### What you should do
The following data needs to be repeated exactly, with all images excluded.

### Collected data
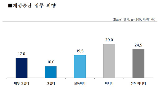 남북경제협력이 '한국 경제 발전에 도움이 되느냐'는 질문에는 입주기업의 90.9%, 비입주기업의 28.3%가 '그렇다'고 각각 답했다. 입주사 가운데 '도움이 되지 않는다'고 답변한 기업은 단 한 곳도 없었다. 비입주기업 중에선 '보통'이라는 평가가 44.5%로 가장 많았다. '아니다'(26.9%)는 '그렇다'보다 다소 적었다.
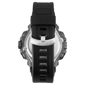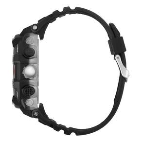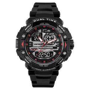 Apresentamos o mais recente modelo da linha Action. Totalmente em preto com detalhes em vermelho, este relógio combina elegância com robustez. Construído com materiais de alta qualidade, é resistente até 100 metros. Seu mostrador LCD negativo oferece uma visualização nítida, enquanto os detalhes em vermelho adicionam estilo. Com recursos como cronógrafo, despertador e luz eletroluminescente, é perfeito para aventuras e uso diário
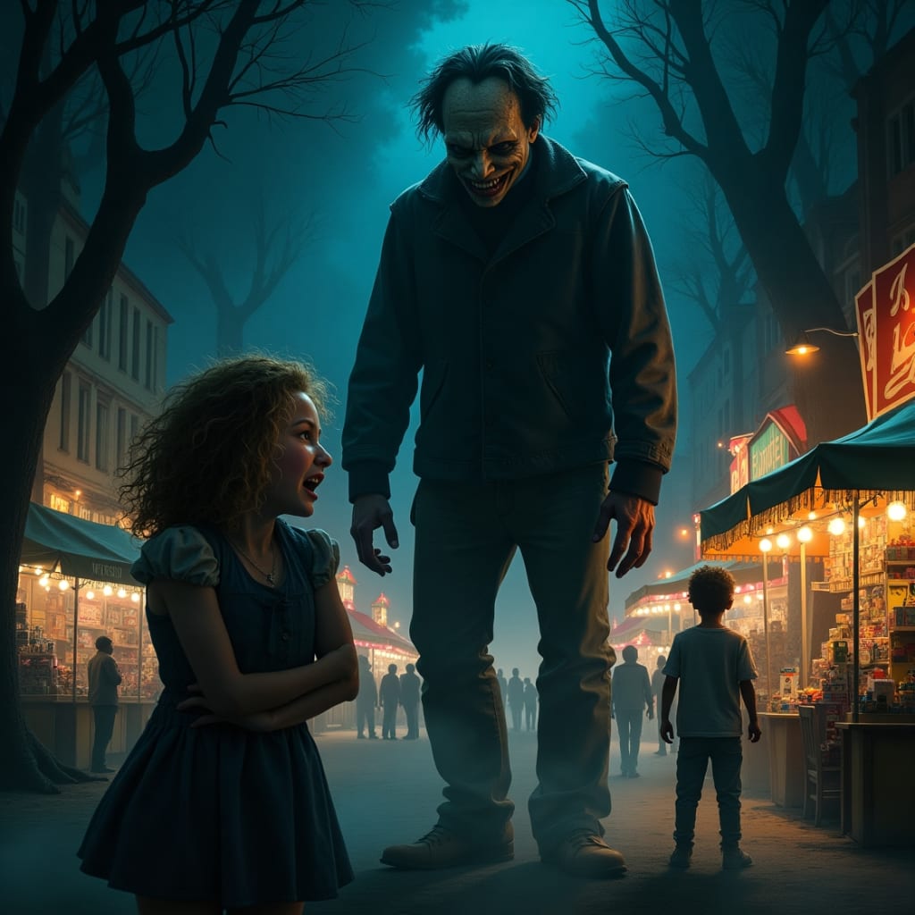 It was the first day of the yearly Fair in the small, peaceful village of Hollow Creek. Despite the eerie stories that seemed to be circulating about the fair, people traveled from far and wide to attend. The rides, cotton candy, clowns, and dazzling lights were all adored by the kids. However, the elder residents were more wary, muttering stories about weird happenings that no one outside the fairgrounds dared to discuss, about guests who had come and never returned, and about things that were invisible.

### Finished exercise
 남북경제협력이 '한국 경제 발전에 도움이 되느냐'는 질문에는 입주기업의 90.9%, 비입주기업의 28.3%가 '그렇다'고 각각 답했다. 입주사 가운데 '도움이 되지 않는다'고 답변한 기업은 단 한 곳도 없었다. 비입주기업 중에선 '보통'이라는 평가가 44.5%로 가장 많았다. '아니다'(26.9%)는 '그렇다'보다 다소 적었다.
 Apresentamos o mais recente modelo da linha Action. Totalmente em preto com detalhes em vermelho, este relógio combina elegância com robustez. Construído com materiais de alta qualidade, é resistente até 100 metros. Seu mostrador LCD negativo oferece uma visualização nítida, enquanto os detalhes em vermelho adicionam estilo. Com recursos como cronógrafo, despertador e luz eletroluminescente, é perfeito para aventuras e uso diário
 It was the first day of the yearly Fair in the small, peaceful village of Hollow Creek. Despite the eerie stories that seemed to be circulating about the fair, people traveled from far and wide to attend. The rides, cotton candy, clowns, and dazzling lights were all adored by the kids. However, the elder residents were more wary, muttering stories about weird happenings that no one outside the fairgrounds dared to discuss, about guests who had come and never returned, and about things that were invisible.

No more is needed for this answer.